- Genre: Reality competition
- Created by: John de Mol
- Judges: David Pack; Delta Goodrem; Diane Warren; Diego Torres; Fergie; Ivete Sangalo; Lea Salonga; Maía; Natasha Bedingfield; Sheila E.; Valeriya;
- Country of origin: United States
- Original language: English
- No. of seasons: 1

Production
- Producers: Ashley Baumann; Bart Kimball;
- Production locations: Los Angeles, California
- Camera setup: Multi-camera
- Running time: 20 minutes
- Production company: Avon

Original release
- Network: Avon Website
- Release: March 8 – November 2, 2011

= Avon Voices =

Avon Voices was a global online talent search for women and songwriting contest for men and women that took place across 62 countries and 37 languages, from December 2010 through November 2011.

==Process==
There were over 10,000 submissions. 178 singers were flown around the world for 20 live and staged shows. Avon Voices culminated in the selection of two singing winners and two winning songwriting songs on November 2, 2011.

==Judges==
The international panel of artists judges included:

- David Pack
- Delta Goodrem
- Diane Warren
- Diego Torres
- Fergie
- Ivete Sangalo
- Lea Salonga
- Maía
- Natasha Bedingfield
- Sheila E.
- Valeriya

==Winners==
The two singing winners, Selena Gittens (Canada) and Evelina Anusauskaite (Lithuania), were announced at the annual Avon Foundation for Women Gala on November 2, 2011 in New York City. The event and announcement were streamed live via LiveStream.
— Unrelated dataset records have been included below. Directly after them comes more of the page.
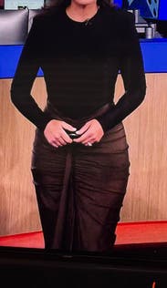 Received a lot of compliments. Rouching is flattering to the midsection. I thought the material would be heavy, but it wasn't too bad. Would rent again.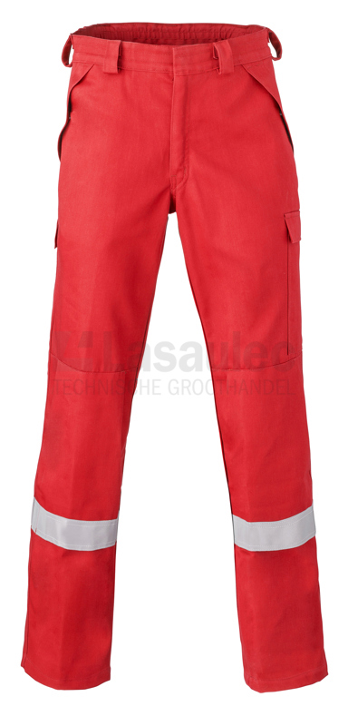 Vlamvertragende en antistatische werkbroek voorzien van verdekte ritssluiting, 2 ingezette zijzakken met klep, achterzak met klep, duimstokzak met klep, dijbeenzak met klep, kniezakken, elastiek in rug, reflectieband.
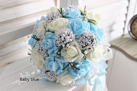 Wedding Bouquet Turquoise Flowers Bridal Bouquet Centerpieces Decorations Silk Ribbon Fake Flower Bouquets 7 Colours Avaliable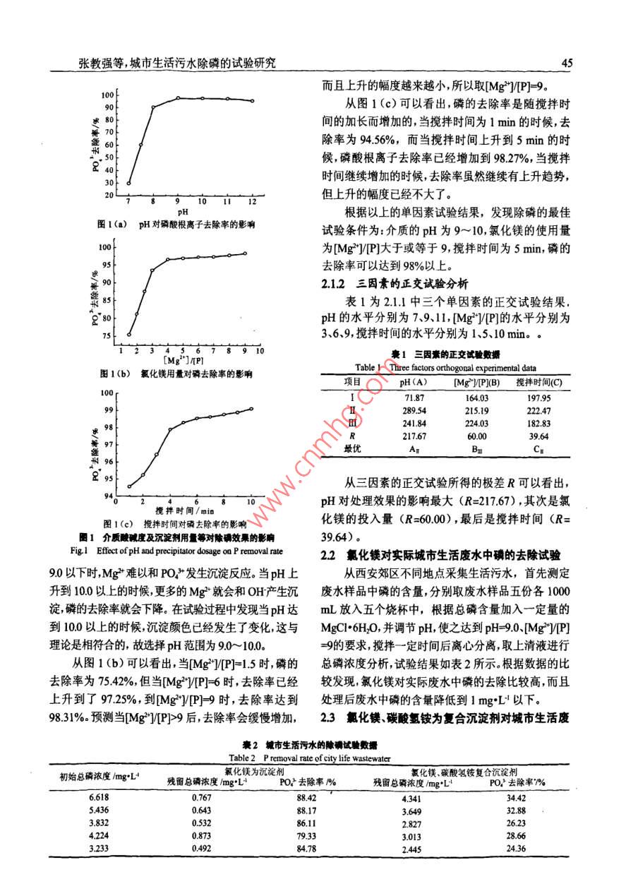 4第34卷第11期水處理技術(shù)VoL34 No 11009年11月TECHNOLOGY OF WATER TREATMENTNov,2008城市生活污水除磷的試驗(yàn)研究張教強(qiáng),???蘇力宏,寇開(kāi)昌(西北工業(yè)大學(xué)理學(xué)院應(yīng)用化學(xué)系,陜西西安710072)要:以氯化鎂及碳酸氬銨為沉淀劑,研究了模擬及城市生活慶水除磷的影響因素.試驗(yàn)發(fā)現(xiàn),介質(zhì)的pH、況淀劑用量攪拌時(shí)間等都會(huì)影響除磷的效果經(jīng)單因素及多因素的正交試驗(yàn)發(fā)現(xiàn),最佳的除磷條件為:pH為9.0~100攪拌時(shí)間為5mim和氯化鎂的投入量為[MgP-9.對(duì)于磷濃度為66mg“L4與32mg:L4的城市生活廢水,經(jīng)化學(xué)沉淀除磷處理后,廢水中的磷濃度可以降低至1mg·L以下關(guān)鍵詞:城市生活廢水;除磷;化學(xué)沉淀法中圖分類(lèi)號(hào):X7031文獻(xiàn)標(biāo)識(shí)碼:A文章編號(hào):100037002008)1040磷是產(chǎn)生水體富營(yíng)養(yǎng)化的最主要因素之一,水將樣品中的不同形態(tài)的磷轉(zhuǎn)化成磷酸鹽,然后采用鉬體富營(yíng)養(yǎng)化及其引起的“水華”、“赤潮”的發(fā)生,現(xiàn)銻抗分光光度法測(cè)定樣品中的總磷濃度。已成為全球性的環(huán)境問(wèn)題。由于飲用發(fā)生水華的1.3試驗(yàn)過(guò)程淡水引起家禽、家畜和野生動(dòng)物死亡的事件時(shí)有報(bào)將100mL城市生活污水或模擬的含磷廢水(由磷道。含磷洗滌劑和農(nóng)藥、化肥的大量使用,近年來(lái)水酸二氫鉀配制)用05molL!的NaOH溶液調(diào)節(jié)pH體磷污染日益加劇。受磷污染的水體,藻類(lèi)大量繁為9左右,加入沉淀劑進(jìn)行攪拌后過(guò)濾以鉬銻抗分光殖,藻體死亡后分解會(huì)使水體產(chǎn)生霉味和臭味。許多光度法測(cè)定母液中磷酸根的含量,計(jì)算磷的去除率。種類(lèi)還會(huì)產(chǎn)生霉素,并通過(guò)食物鏈影響人類(lèi)的健康。2結(jié)果與討論廢水除磷的方法有化學(xué)沉淀法、電解法、微生物法水生物法物理吸附法膜技術(shù)處理法和土壤處理法21影響除磷效果的因囊分析等目前就除磷效果比較來(lái)說(shuō),應(yīng)用比較多的是化學(xué)2.1單因素分析沉淀法和微生物法?;瘜W(xué)除磷的發(fā)展方向一方面是化學(xué)沉淀去除磷就是使磷成為不溶性的固體沉開(kāi)發(fā)新的化學(xué)藥劑,另一方向是對(duì)除磷過(guò)程中產(chǎn)生淀物從廢水中分離出去的除磷方法所以在除磷過(guò)的沉淀物加以回收利用。本研究考察了氯化鎂及氯程中,介質(zhì)的pH、沉淀劑的加入量及攪拌時(shí)間等都化鎂與碳酸氫銨聯(lián)用對(duì)于城市污水的除磷效果。會(huì)影響到除磷效果。圖1示出采用模擬廢水(濃度1試驗(yàn)部分為400molL4(以P計(jì)))進(jìn)行的pH、磷酸根濃度(mgL)、氯化鎂投入量和攪拌時(shí)間等單因素的試11主要試劑及儀最驗(yàn)結(jié)果。氯化鎂(MgCl"6H1O)磷酸二氫鉀(KHPO4)、從圖1(a)中可以看出,當(dāng)p從70升高到碳酸氫銨氯化亞錫、鉬酸銨等,上述試劑均為分析純。9.0時(shí),磷酸根的去除率從2977%上升到9829%722型分光光度計(jì)、電動(dòng)攪拌器pH儀、離心機(jī)等而當(dāng)pH從90升到100后,去除率反而從98.2912廢水中碘酸根及總確的含量測(cè)定下降到9751%,接著去除率隨著pH的上升又下降。樣品中磷酸根分析采取鉬銻抗分光光度法畊進(jìn)行。這說(shuō)明對(duì)磷酸根離子去除的最佳pH為90~10.0,總磷測(cè)定時(shí)先對(duì)樣品用濃硫酸及過(guò)硫酸鉀進(jìn)行消解,磷酸根去除率可達(dá)到9829%以上的效果。當(dāng)pH在收稿日期:20080325基金項(xiàng)目:2007屆西北工業(yè)大學(xué)本科畢業(yè)設(shè)計(jì)(論文)重點(diǎn)扶持項(xiàng)目(W002210)作者簡(jiǎn)介:張教強(qiáng)(1965-),男博士副教授,主要從事應(yīng)用化學(xué)方面的教學(xué)及研究工作聯(lián)系電話:02988431672;E-mail:zhangji@anpu.edu.cn張教強(qiáng)等城市生活污水除磷的試驗(yàn)研究而且上升的幅度越來(lái)越小,所以取MgP]=9。從圖1(c)可以看出,磷的去除率是隨攪拌時(shí)間的加長(zhǎng)而增加的,當(dāng)攪拌時(shí)間為1min的時(shí)候,去除率為9456%,而當(dāng)攪拌時(shí)間上升到5min的時(shí)候,磷酸根離子去除率已經(jīng)增加到9827%,當(dāng)攪拌時(shí)間繼續(xù)增加的時(shí)候,去除率雖然繼續(xù)有上升趨勢(shì),但上升的幅度已經(jīng)不大了PH根據(jù)以上的單因素試驗(yàn)結(jié)果,發(fā)現(xiàn)除磷的最佳圖1(a)pH對(duì)磷酸根離子去除率的影響試驗(yàn)條件為:介質(zhì)的pH為9~10,氯化鎂的使用量為MgJP]大于或等于9,攪拌時(shí)間為5min,磷的去除率可以達(dá)到98%以上。212三因素的正交試驗(yàn)分析表1為21中三個(gè)單因素的正交試驗(yàn)結(jié)果pH的水平分別為7、91lMg2y(P]的水平分別為3、69,攪拌時(shí)間的水平分別為1、5、10min[Mg”]nP1三因囊的正交被驗(yàn)數(shù)據(jù)圖1(b)氯化鎂用量對(duì)磷去除率的影響Table 1 Three factors orthogonal experimental data項(xiàng)目MgMPIB)攪拌時(shí)間()7187164031979528954222241.84182.83最優(yōu)從三因素的正交試驗(yàn)所得的極差R可以看出,pH對(duì)處理效果的影響最大(R=21767),其次是氯攪拌時(shí)間/min圖1(c)攪拌時(shí)間對(duì)磷去除率的影響化鎂的投入量(R=6000,最后是攪拌時(shí)間(R=圖1介質(zhì)敲堿度及沉淀劑用量等對(duì)除效果的影響3964)ig.I Effect of pH and precipitator do

The grand-prize-winning songwriting songs, "Step Up" (by Chloe Temtchine and Kyle Kelso) and "We All Fall Down" (by Ilene Angel and Sue Fabisch) were premiered at the Avon Foundation Gala, as well as a new original Avon Voices Anthem, written by Diane Warren, entitled "Be What You Believe."

==Notability==
Avon Voices is believed to be the largest and most expansive global online singing competition ever held. 178 women were flown over 1,000,000 miles to 1 of 6 major world cities over the course of the competition. Over 2,500,000 votes were cast online throughout the duration of the program. The Avon Voices website, the first ever website to simultaneously push in 37 languages, was visited by fans in over 213 countries and territories.

==Controversy==
On November 3, 2011, Avon issued a formal press release regarding the selection of the winners. The press release stated that "as part of the winnings, Selena (Gittens) and Evelina (Anusauskaite) will record a fully produced album that will be sold through Avon distribution channels in select markets and a portion of the proceeds from the anthem sale in 2012 will go to the Avon Foundation for Women." At present, the album has yet to be distributed or sold.